What would it take for a 10-6 or an 11-5 team to miss the NFC playoffs this year? And could that be the Bears? And if it is the Bears, would that cost Lovie Smith his job? John McPherson, Champaign
Let’s assume the Bears finish 10-6 but finish second in the division to the Packers. That means they need would need to make the playoffs with one of two NFC wild card spots. Now, let’s assume the Eagles, Falcons and Seahawks will stay on top of their respective divisions. That means the Bears’ primary competition for a spot likely be the Bucs, Saints and Giants. It is entirely possible that two of those teams could have tiebreakers over the Bears. The Giants already have the head-to-head tiebreaker, though the Bears have one more victory at the moment. It is not uncommon for a team to win 10 games and miss the playoffs, but an 11-win team is almost guaranteed a spot. In terms of whether or not Smith would be fired if he wins 10 or 11 and misses the playoffs, that’s a tough question, and it’s one only the owners of the Bears can answer. But it’s starting to look like the chances are very good that Smith will remain the coach of the Bears next year.
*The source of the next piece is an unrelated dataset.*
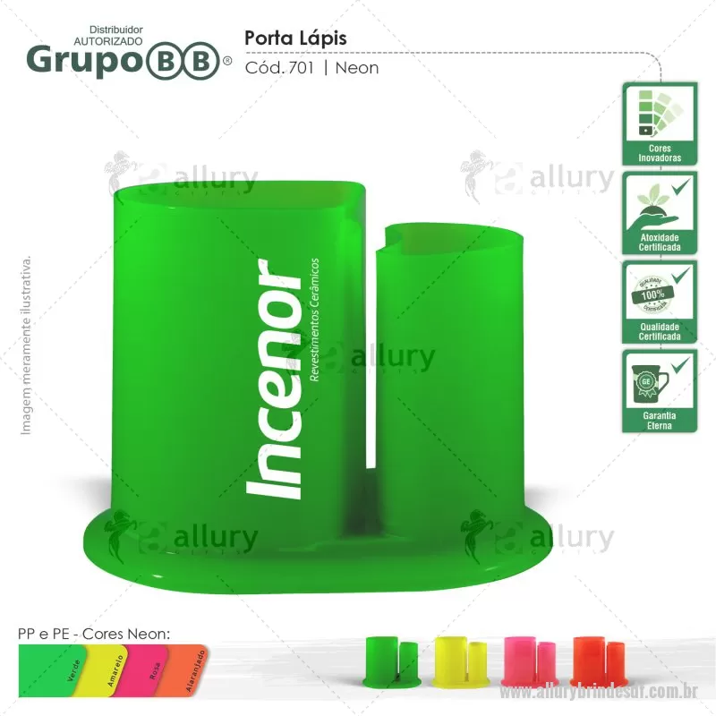 Porta Lápis com duas cavidades com espaço para cartão de visita. Seu design arredondado é de exclusividade do Grupo BB! Excelente brinde para escritórios e escolas. Cores Disponíveis - Linha Sólida: amarelo, branco, alaranjado, preto / Neon: Rosa, amarelo, verde, laranja / Metalizado: Azul, verde, vermelho, lilás, prata. Brinde ideal para feiras escolares e eventos corporativos. Personalização 1 cor. Outras opções sob consulta. Distribuidor Autorizado Grupo BB. - - ALLDFZ701
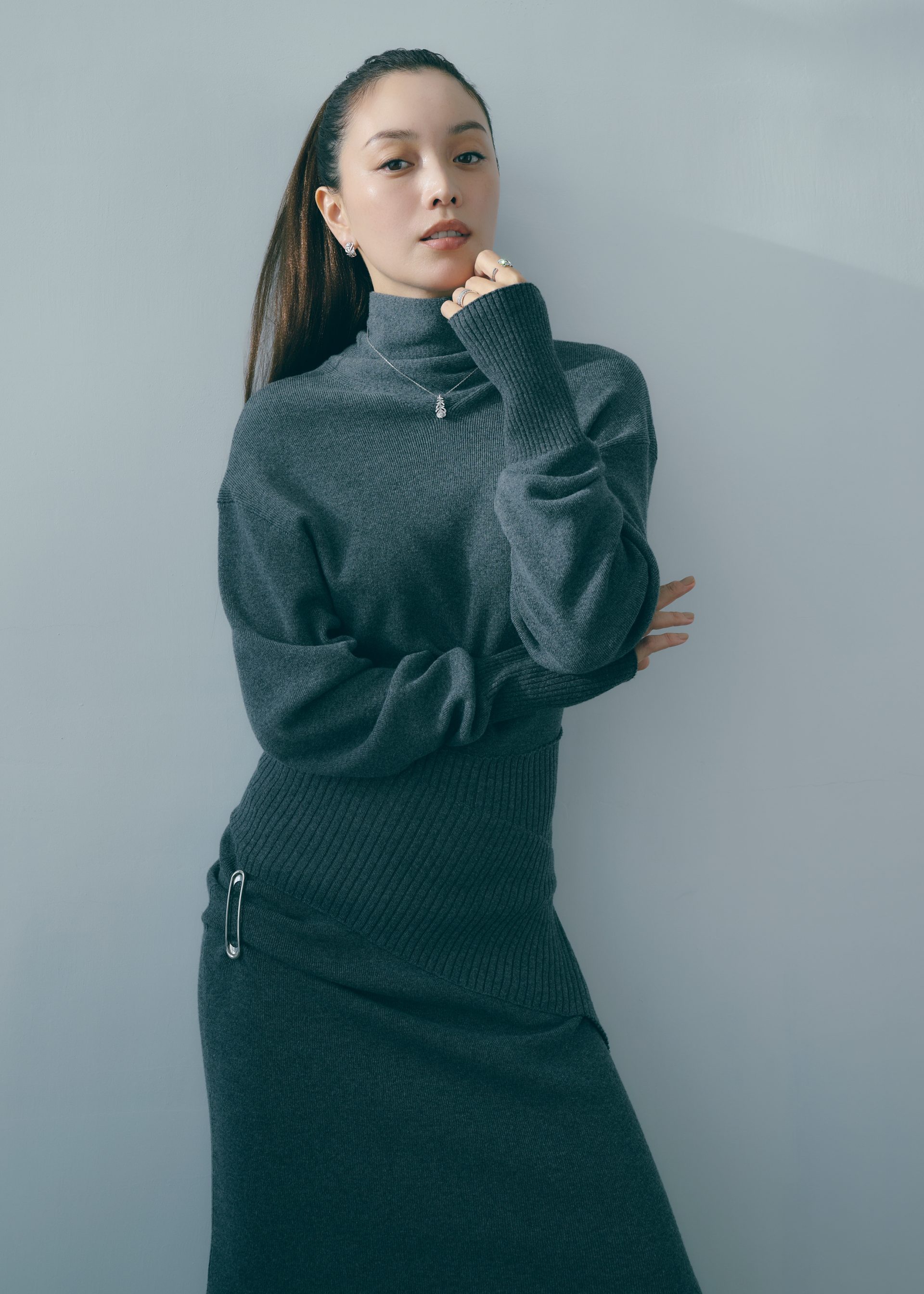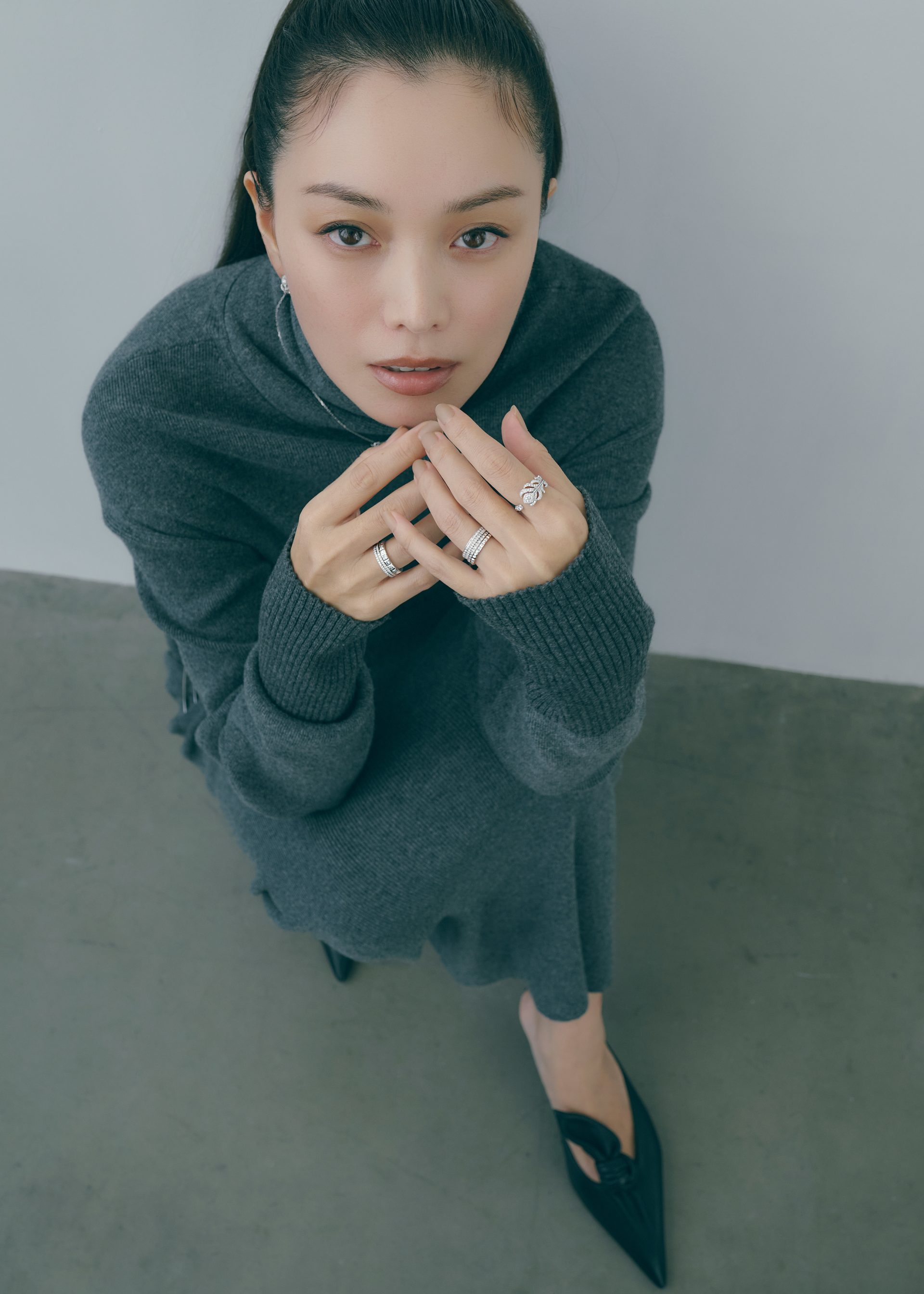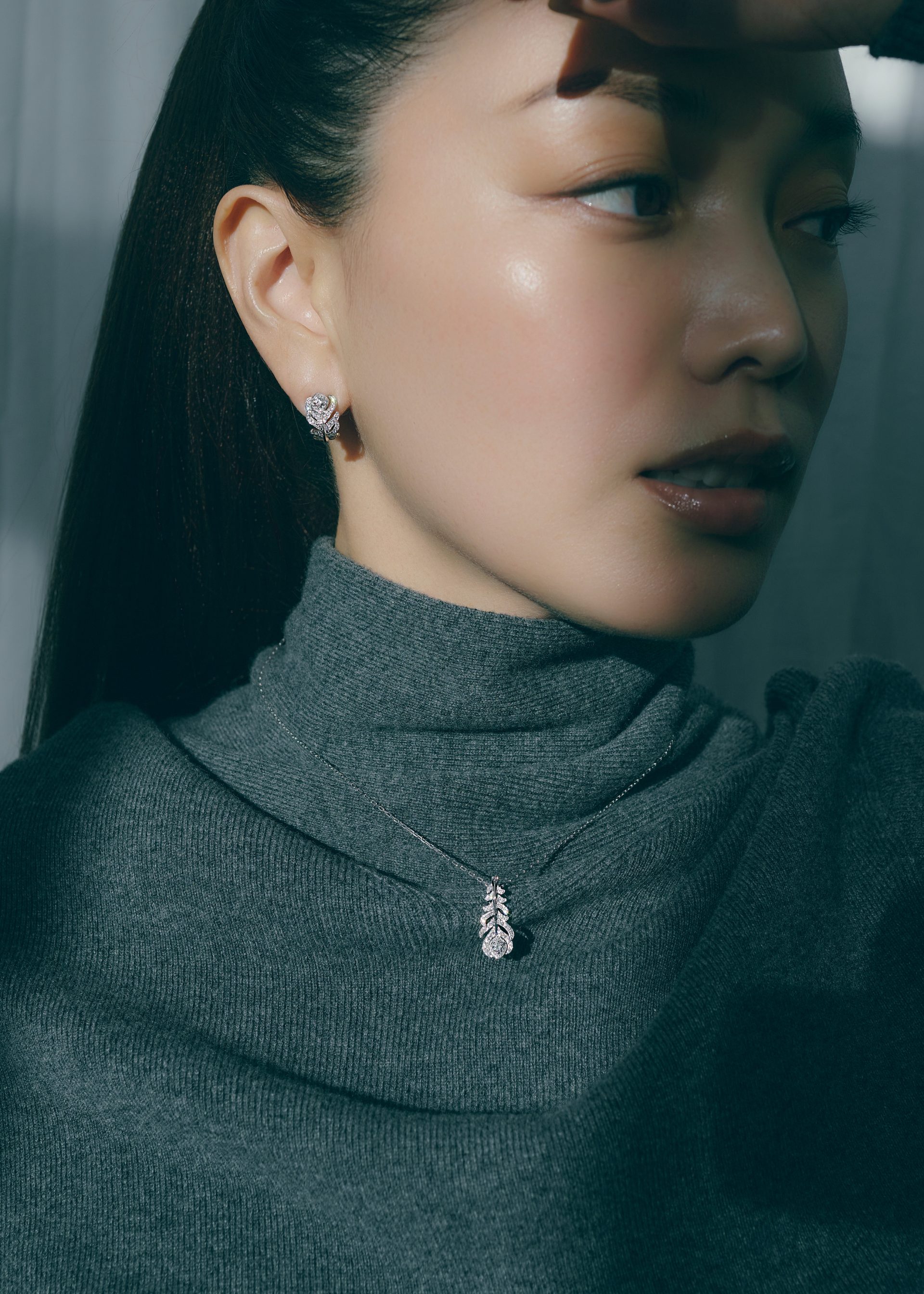 この冬の主役に「プリュム ドゥ パオン」ペンダントを迎えるなら、ホワイトゴールドのジュエリーたちで全体をシックにまとめて。顔まわりには、同コレクションのクリップイヤリングを。エクストラスモールのサイズ感は、ミニマルな装いにも自然に寄り添いながら、蛯原の端正な表情を一段とモダンに引き立てる。人差し指につけた「プリュム ドゥ パオン」リングのボリュームに合わせて、繊細なホワイトゴールドの「キャトル」をレイヤード。メゾンが継承する伝統的なデザインコードが、現代的な感性と溶け合い、より軽やかでコンテンポラリーな輝きを放つ。

Is there such a thing as an offensive face mask penalty for a stiff arm? I have seen it called on lineman but it seems running backs and wide receivers get away with what I would consider a face mask penalty on stiff arms frequently. Charlie Johnson, Sarasota, Fla.
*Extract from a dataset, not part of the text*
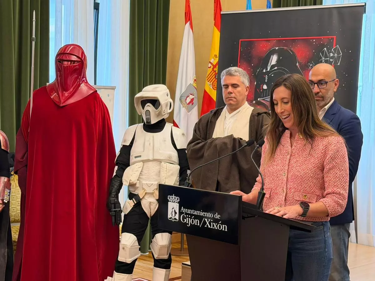 «Non solo falamos d’una xunta que va traer a cientos de persones, sinón que toos el xixoneses van tener la oportunidá d’esfrutar del ambiente y el coloríu espectacular que vamos poder esfrutar nes cais de la ciudá», afirmó la vicealcaldesa y titular de la Conceyalía de Turismu, la popular Ángela Pumariega, que comparó la llegada de los entusiastes de «La guerra de les galaxes», como se tradució n’España, con unu de los acontecimientos que más color dio a les cais y carreteres del conceyu l’añu pasáu, como foi’l casu de los Vespa World Days, xornaes nes que’l míticu modelu de moto italiana colonizó les carreteres y los llugares más icónicos del conceyu.

If a player twists, turns or pulls a facemask, he is hit with a 15-yard personal foul penalty. But if he just pushes a facemask, there is no penalty.
I watching an interview with Charles Tillman on WGN and noticed he had red eyes. Hope he is not sick, and this is just a left over from his Thriller Halloween costume. What’s up with that? Mitch, San Diego, Calif.
Tillman wears performance lenses during games that make his eyes appear red. They are supposed to reduce glare and make moving objects easier to track. It’s definitely a freaky look, though.
With the obvious need to address the offensive line in the offseason, how does this upcoming draft look in regards to depth at the position? Joe, Chicago
From the looks of it now, there aren’t expected to be a lot of top of the draft blockers available. It’s not a great year for offensive linemen. There are a number of prospects who could go late first round or in the second round however. If the Bears keep winning, they could be in position to take an offensive lineman in that range.
Does every team have assistants or scouts who prepare specifically and only for their divisional opponents all year round? I think they should considering that divisional games in essence count twice as much as the other games on a team’s schedule. Clark, Palo Alto, Calif.
It varies from team to team. Typically, one pro scout is assigned each team, and he stays with that team all year. Sometimes, it’s broken up by division. That scout will often be responsible for “advancing” an opponent, as well as writing up every player on that team’s roster for free agency purposes. In the case of the Bears, two of their pro scouts take 11 teams and a third scout takes 10. That scout is assigned the NFC North division.
See? I bet you learned something today. I know I did.
One thing’s for certain, the Bears are going up against their toughest opponent of the year thus far. Despite all of the focus on the new and improved Michael Vick, the Eagles have a scary defense, solid special teams and several offensive weapons. Plus the Eagles will get fed by Mrs. Vick the night before the game. Even so Chet Coppock is advising his readers to give the points and take the Bears. Since Chet’s wearing the same fur coat he’s worn since 1978, you should take that for what it’s worth.